Provided data:
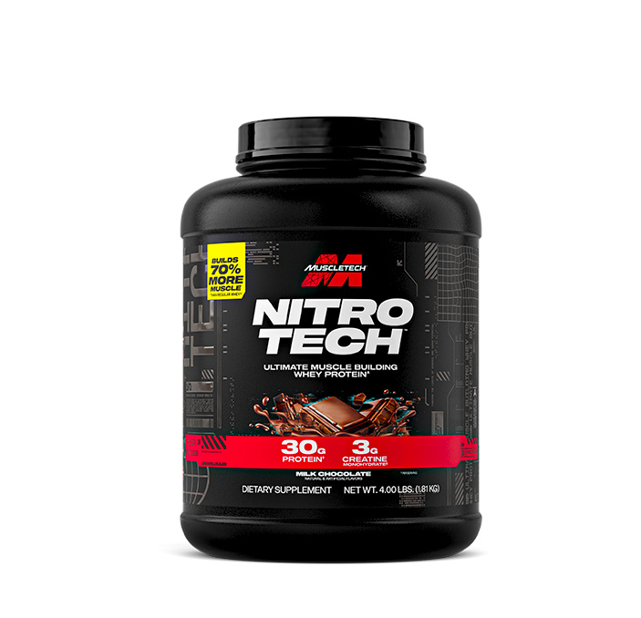 Nitro-Tech is a scientifically engineered, enhanced whey protein formula designed for all athletes who are looking for more muscle, more strength and better performance. Nitro-Tech contains protein sourced primarily from whey protein isolate and whey peptides – two of the cleanest and purest protein sources available. Other whey protein supplements might have only a few grams of these highly bioavailable and easily digested proteins. Nitro-Tech® is also enhanced with the most studied form of creatine for even better gains in muscle and strength.*
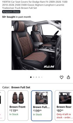 YIERTAI Car Seat Covers for Dodge Ram Fit 2009-2026 1500 2010-2026 2500 3500 Classic Bighorn Longhorn Laramie Tradesman Truck Brown Full Set$80Montclair, CA
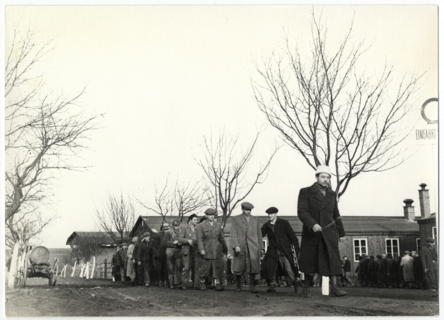 Judar i arbetslägret Lipa i Böhmen på väg ut för att arbeta. Foto: USMHH
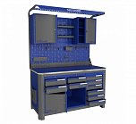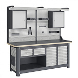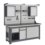 Нагрузка на столешницу 1500 кг. Столешница из листа влагостойкой фанеры марки ФСФ толщиной 40 мм и листом горячекатаной стали толщиной 5 мм. Рама верстака выполнена их холоднокатаной стали. Модуль верстака выполнен сварными. Ящики в модулях устанавливаются на шариковых телескопических направляющих полного выдвижения. Квадратная перфорация для установки крючков, держателей. Размеры: 1982x1993x743 мм.
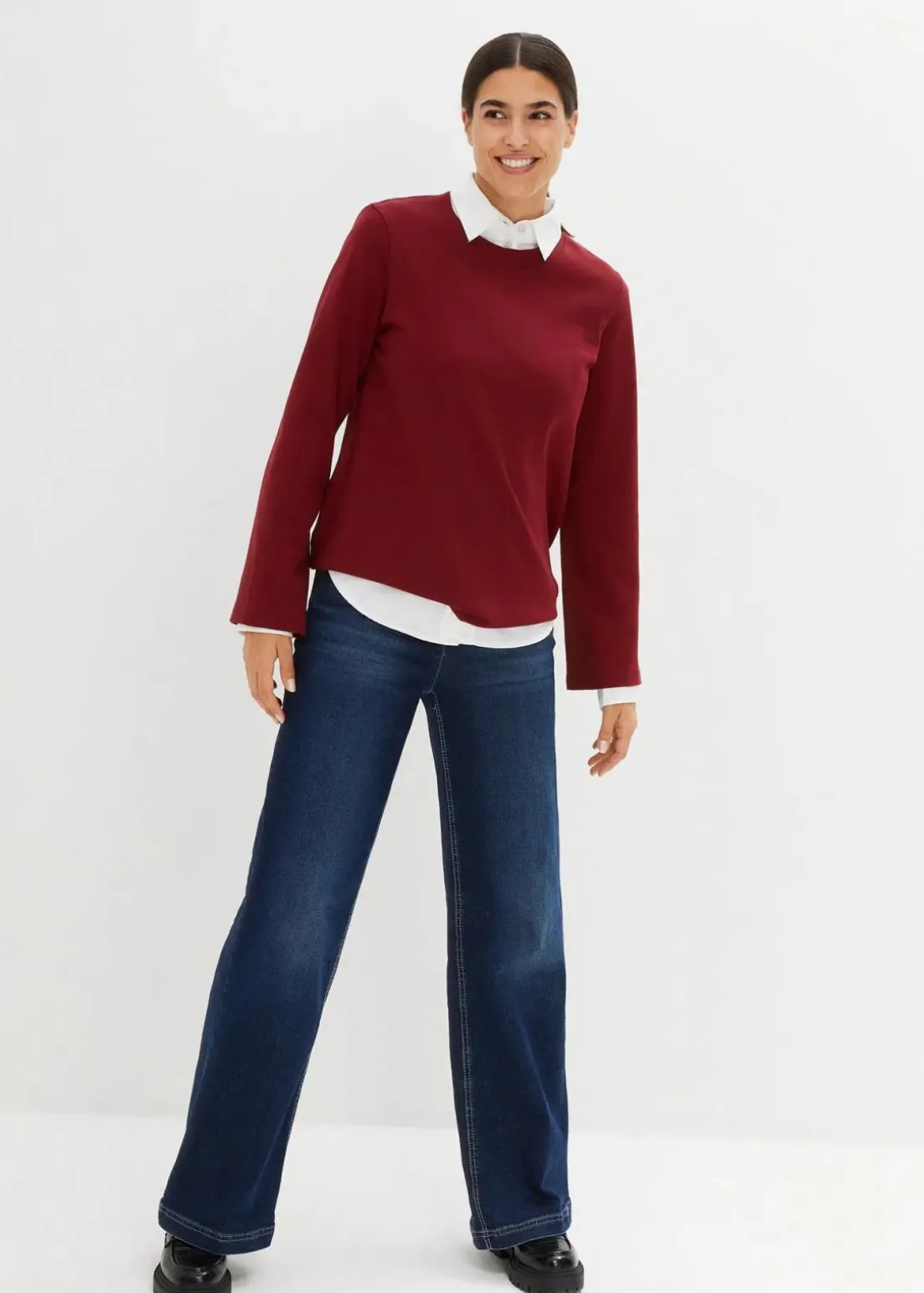 Bequemes Rundhalsshirt aus reiner Baumwolle
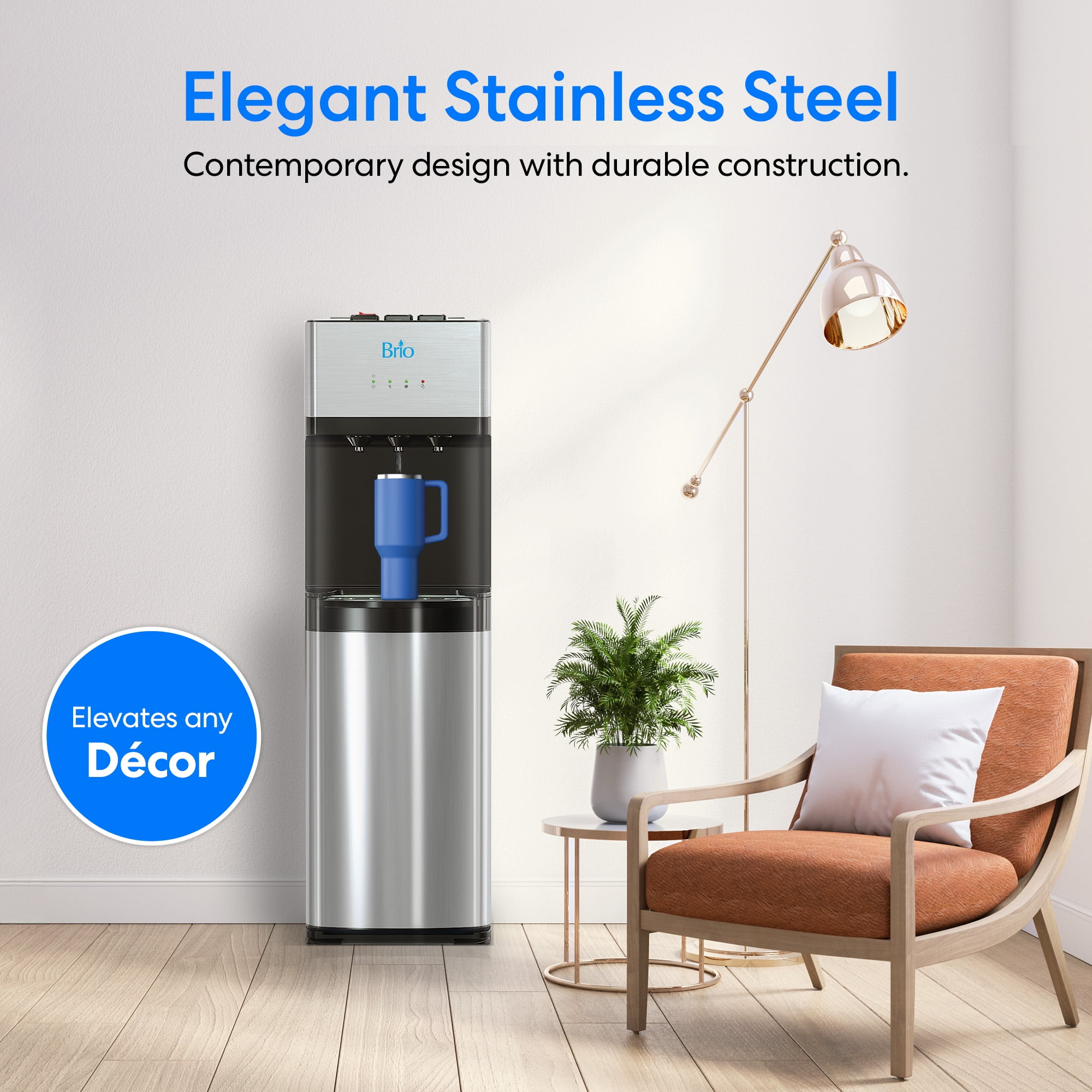 This popular Brio 500 bottom loading 5 gallon capacity series bottom-load water cooler dispenser offers virtually everything consumers may want in a water cooler. This unit features a smooth, stainless-steel design that brings contemporary style to any size home, office, or breaks room. This cooler is also equipped with tri-temp faucets, so consumers are gifted the luxury of enjoying soothing hot water up to 198 degrees Fahrenheit, invigorating cool water as cold as 39 degrees Fahrenheit or room-temperature water instantly. Built to last a lifetime, this unit is compatible with 3-5-gallon capacity water bottles. Maintenance of the CLBL520SC is also a breeze with its self-cleaning feature with blinking light indicator. Product net content 1 unit.
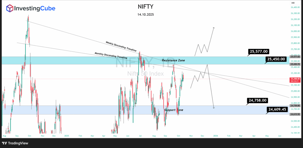 The chart captures the battlefield perfectly. The Nifty is pressing into a resistance belt between 25,450 and 25,580, reinforced by both the weekly and monthly descending trendlines. This is not a level to take lightly: each rally attempt over the past months has stalled in this very zone.
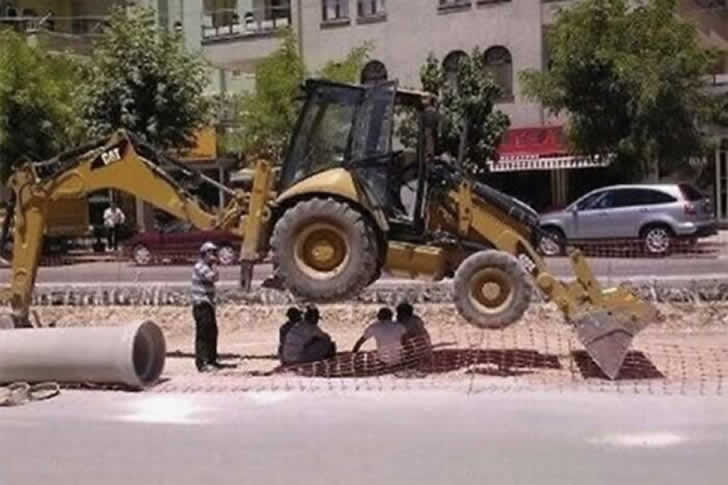 This excavator didn’t get the memo about metaphors. One minute digging holes for others, the next – creating its own personal swimming pool.

Exercise:
Your answer must be the records exactly as they stand, with no pictures in it.

Answer below:
 Nitro-Tech is a scientifically engineered, enhanced whey protein formula designed for all athletes who are looking for more muscle, more strength and better performance. Nitro-Tech contains protein sourced primarily from whey protein isolate and whey peptides – two of the cleanest and purest protein sources available. Other whey protein supplements might have only a few grams of these highly bioavailable and easily digested proteins. Nitro-Tech® is also enhanced with the most studied form of creatine for even better gains in muscle and strength.*
 YIERTAI Car Seat Covers for Dodge Ram Fit 2009-2026 1500 2010-2026 2500 3500 Classic Bighorn Longhorn Laramie Tradesman Truck Brown Full Set$80Montclair, CA
 Judar i arbetslägret Lipa i Böhmen på väg ut för att arbeta. Foto: USMHH
 Нагрузка на столешницу 1500 кг. Столешница из листа влагостойкой фанеры марки ФСФ толщиной 40 мм и листом горячекатаной стали толщиной 5 мм. Рама верстака выполнена их холоднокатаной стали. Модуль верстака выполнен сварными. Ящики в модулях устанавливаются на шариковых телескопических направляющих полного выдвижения. Квадратная перфорация для установки крючков, держателей. Размеры: 1982x1993x743 мм.
 Bequemes Rundhalsshirt aus reiner Baumwolle
 This popular Brio 500 bottom loading 5 gallon capacity series bottom-load water cooler dispenser offers virtually everything consumers may want in a water cooler. This unit features a smooth, stainless-steel design that brings contemporary style to any size home, office, or breaks room. This cooler is also equipped with tri-temp faucets, so consumers are gifted the luxury of enjoying soothing hot water up to 198 degrees Fahrenheit, invigorating cool water as cold as 39 degrees Fahrenheit or room-temperature water instantly. Built to last a lifetime, this unit is compatible with 3-5-gallon capacity water bottles. Maintenance of the CLBL520SC is also a breeze with its self-cleaning feature with blinking light indicator. Product net content 1 unit.
 The chart captures the battlefield perfectly. The Nifty is pressing into a resistance belt between 25,450 and 25,580, reinforced by both the weekly and monthly descending trendlines. This is not a level to take lightly: each rally attempt over the past months has stalled in this very zone.
 This excavator didn’t get the memo about metaphors. One minute digging holes for others, the next – creating its own personal swimming pool.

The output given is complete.